Taken altogether, the findings of this study suggest one major contribution. Based on the discussed results, iLMT had a positive impact on students’ success on both the KT and RT to certain extent. Moreover, it represents suitable instructional material for teaching students for solving tasks that require different types of reasoning, with potential for improvement. Other scholars could use our approach and design principles, as well as our results to design even more effective, efficient, and enjoyable learning environments to teach mathematical concepts.

Use of digital learning materials in teaching mathematics is very delicate, and it must be done carefully and with special attention to the kind of mathematical reasoning it is designed for. However, we emphasize the great potential of GeoGebra applets, especially for improving students’ success in solving tasks that require CMR. We emphasize that the mere digitization of content will not bring significant effects on student success in solving all types of tasks. Our study showed that even carefully created digitized materials may not have significant effects on students’ success in the solving GLR tasks, if they are based on content that is insufficiently related to GLR. In addition to the many benefits of GeoGebra, we believe that more content in the textbook and interactive materials must be dedicated to the GLR tasks. Keeping in mind the wide usage of GeoGebra applets and rapid digitization of materials, we believe that these results can be useful to many educators. These results can be important primarily for scholars and teachers interested in improving critical thinking, abstract understanding, and facilitating connections between authentic learning and mathematical theory. However, we call for further studies to research connections between these aspects of mathematical understanding and interactive learning environments.

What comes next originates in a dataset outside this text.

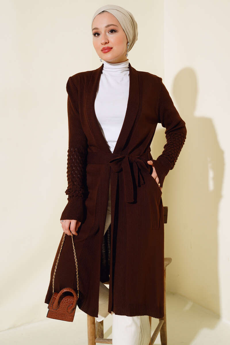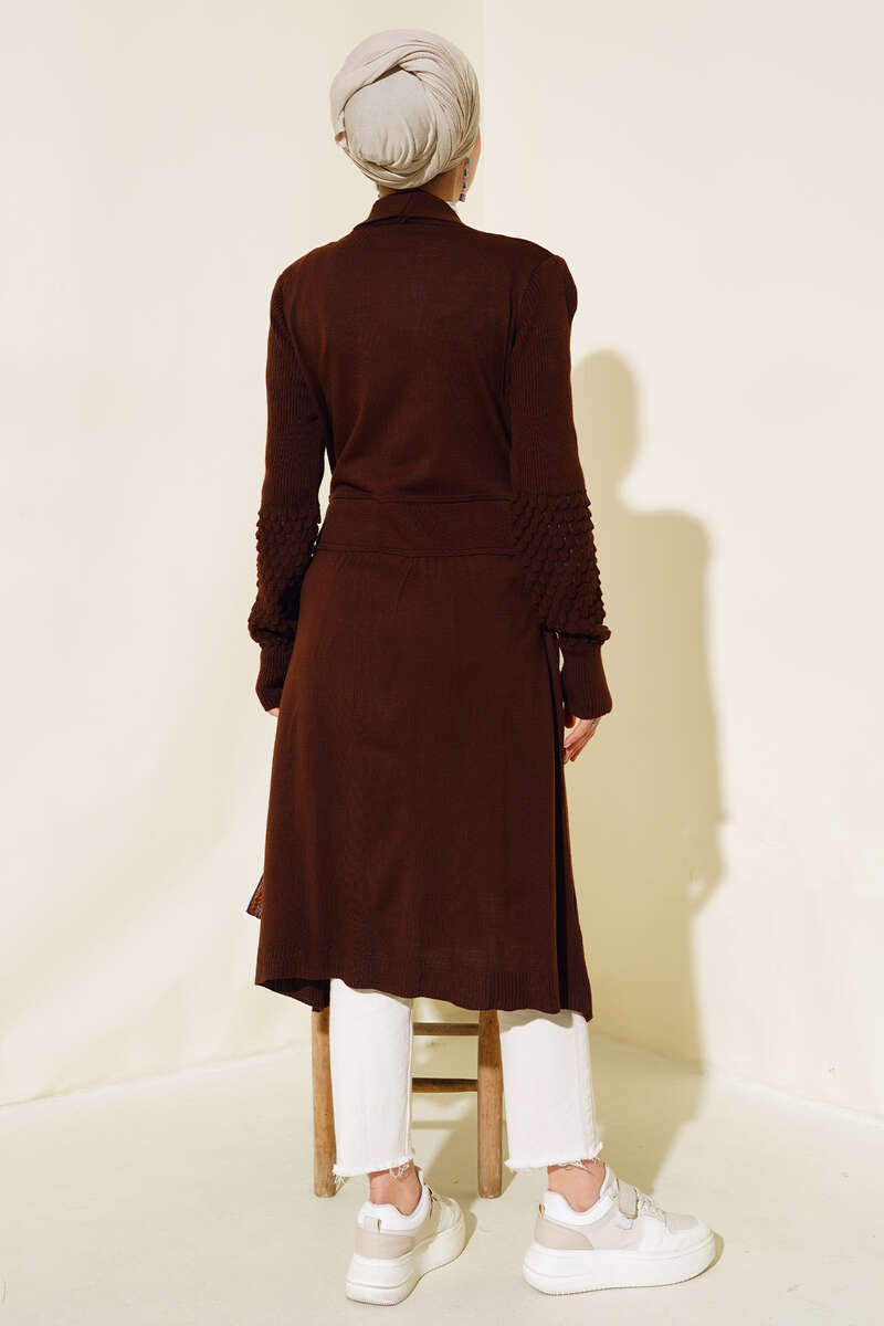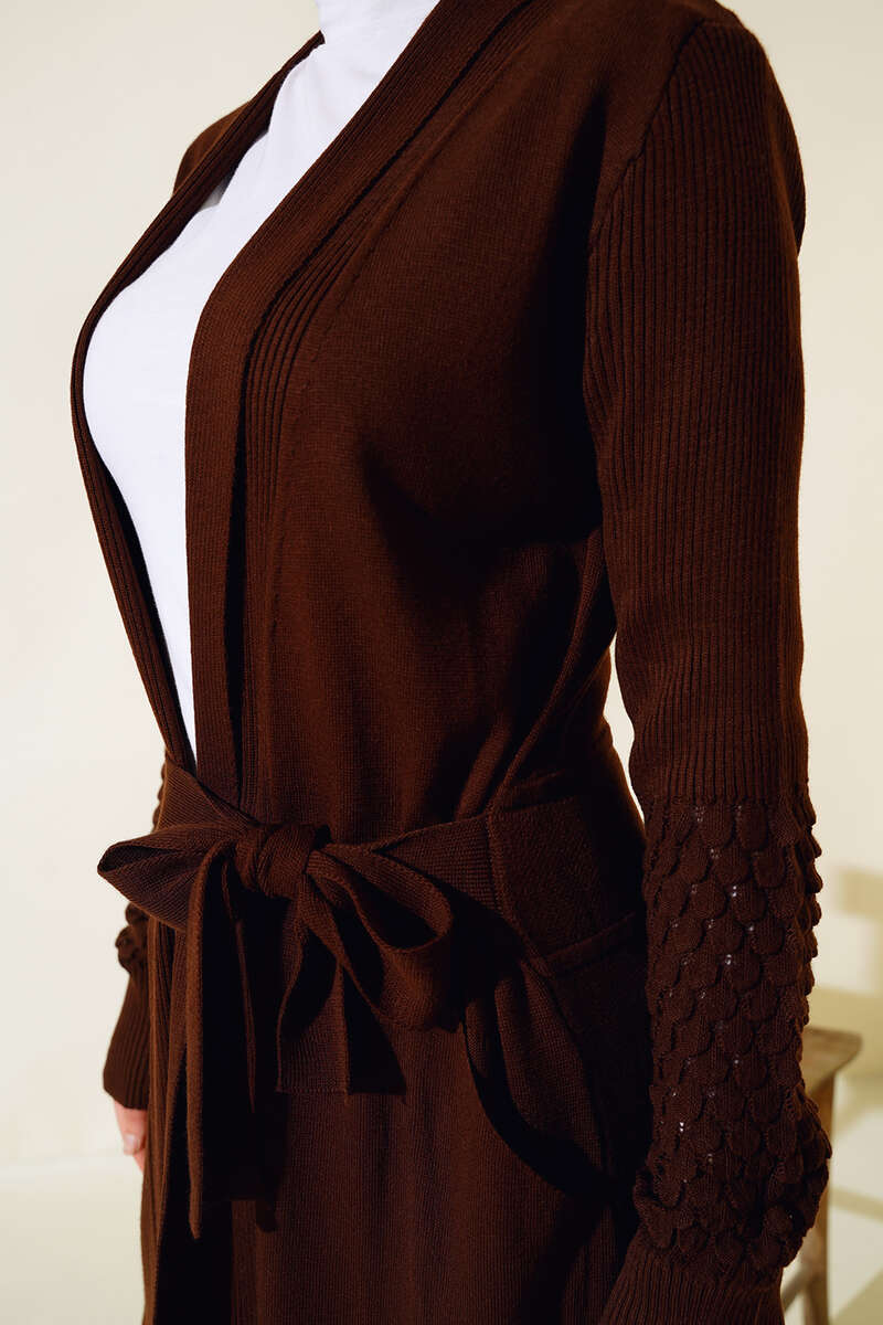 Üzüm Kol Bağcıklı Uzun Hırka Kahve

In terms of limitations, our research has been focused on teaching units about triangles, while other topics were not considered. However, it is possible that the significant effect of interactivity on the learning was due to the geometry topic. It would be interesting to witness the effect of iLMT (or effects of implemented characteristics of the instructional design) on different mathematics topics (for example algebra) or different student age. We also note that a short-term intervention could cause the halo effect of novelty (Radović et al., 2020). The question remains of what would happen if students used iLMT or similar materials over a longer time period.

Our research also indicates the greater success of girls in some cases. Further research may explore the fact that girls outperformed boys in solving HRA2 and to bring more light on the result that girls outperformed boys on the RT in solving tasks that require IR or CMR. We have not been able to provide more clarity to these interesting results.